Ao final desta sequência, a câmera foca em uma engrenagem que nos remete à Vertov e ao componente maquínico do próprio fazer do cinema, bem como ao seu funcionamento de trazer à tona, ou à tela, as disputas ideológicas que perpetuam a luta de classes em sua infinita reprodução e transformação. O simbólico remete, em nossa interpretação, à constituição subjetiva contemporânea pela disputa, pela violência, pela guerra ideológica binária que levou tantos sujeitos à morte. Se o motor da história é a luta de classes, esta é a sequência fílmica em que é explicitado este posicionamento marxista através do uso de alguns elementos como as engrenagens, as cores vermelho e preto e os símbolos selecionados para a composição dessa sequência. A próxima sequência fílmica reitera a interpretação que produzimos da anterior, fazendo também relação com a sociedade do consumo. Estamos em uma hora e sete minutos de filme decorridos, as engrenagens em vermelho e preto surgem com números em preto e branco que formam códigos de barra em tons de cinza. A relação entre o consumo e a violência será elaborada na próxima sequência em que aparecem na tela imagens de explosões,

árvores sendo atingidas retornam ao tema da guerra e dos testes nucleares, o qual é repetido exaustivamente ao longo de toda a narrativa. Imagens de lançamento de foguetes e de armas de destruição em massa reafirmam a importância dos conflitos bélicos na contemporaneidade, no meio de tudo isso: o sujeito.
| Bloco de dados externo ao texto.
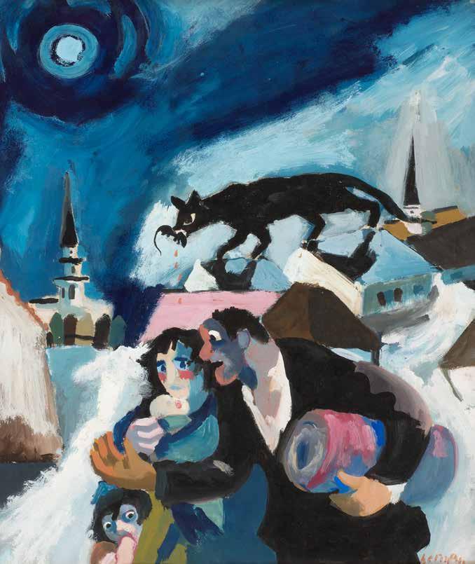 Other refugees from Nazism include German designer Elisabeth Tomalin, whose boldly coloured head, inspired by tribal masks and enamels, dates from her early studies at Berlin’s Reiman Schule, while Viennese émigrée MarieLouise von Motesiczky’s dramatically lit Circus composition demonstrates the looser, freer brushwork and softer, less angular style she developed in Britain after the war.
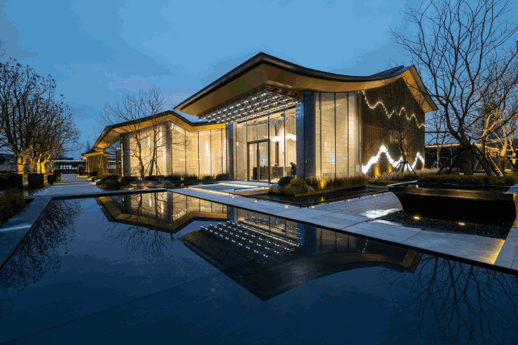 建筑的外立面我们采用了极具中国特色的山水格栅,以光影与仿木质钢结构相结合勾勒出山水剪影,内敛而静谧、自然而隐逸展现的东方气质。以克制的手法及对线条的简约处理,完美的将东方美学与现代艺术相融。

Imagem 83 – Códigos de Barra (01:07:21)

Imagem 84 – Tela é espelho (01:03:05)

Surge a sequência fílmica em que aparecem imagens de crianças brincando em um parque e sobrepostos a elas aparecem na tela ícones da informática, e ao final aparece a imagem do reflexo do rosto de um adolescente na tela de um computador, o que chamou nossa atenção. Interpretamos essa sobreposição entre imagens de crianças e ícones como uma marca da condição da constituição subjetiva contemporânea pelo digital. O reflexo do rosto do jovem na tela marca a subjetivação das novas gerações pela tecnologia digital, afinal é nas redes sociais que se dão as trocas entre sujeitos e objetos simbólicos no século XXI, a troca de olhares foi substituída por um olhar atento às telas que desnudam o mundo para o sujeito. Com base nas cenas nas quais observamos os sujeitos em suas práticas sociais, podemos dizer que o documentário produz sentidos, menos sobre o digital em si do que sobre a relação entre ele e os sujeitos.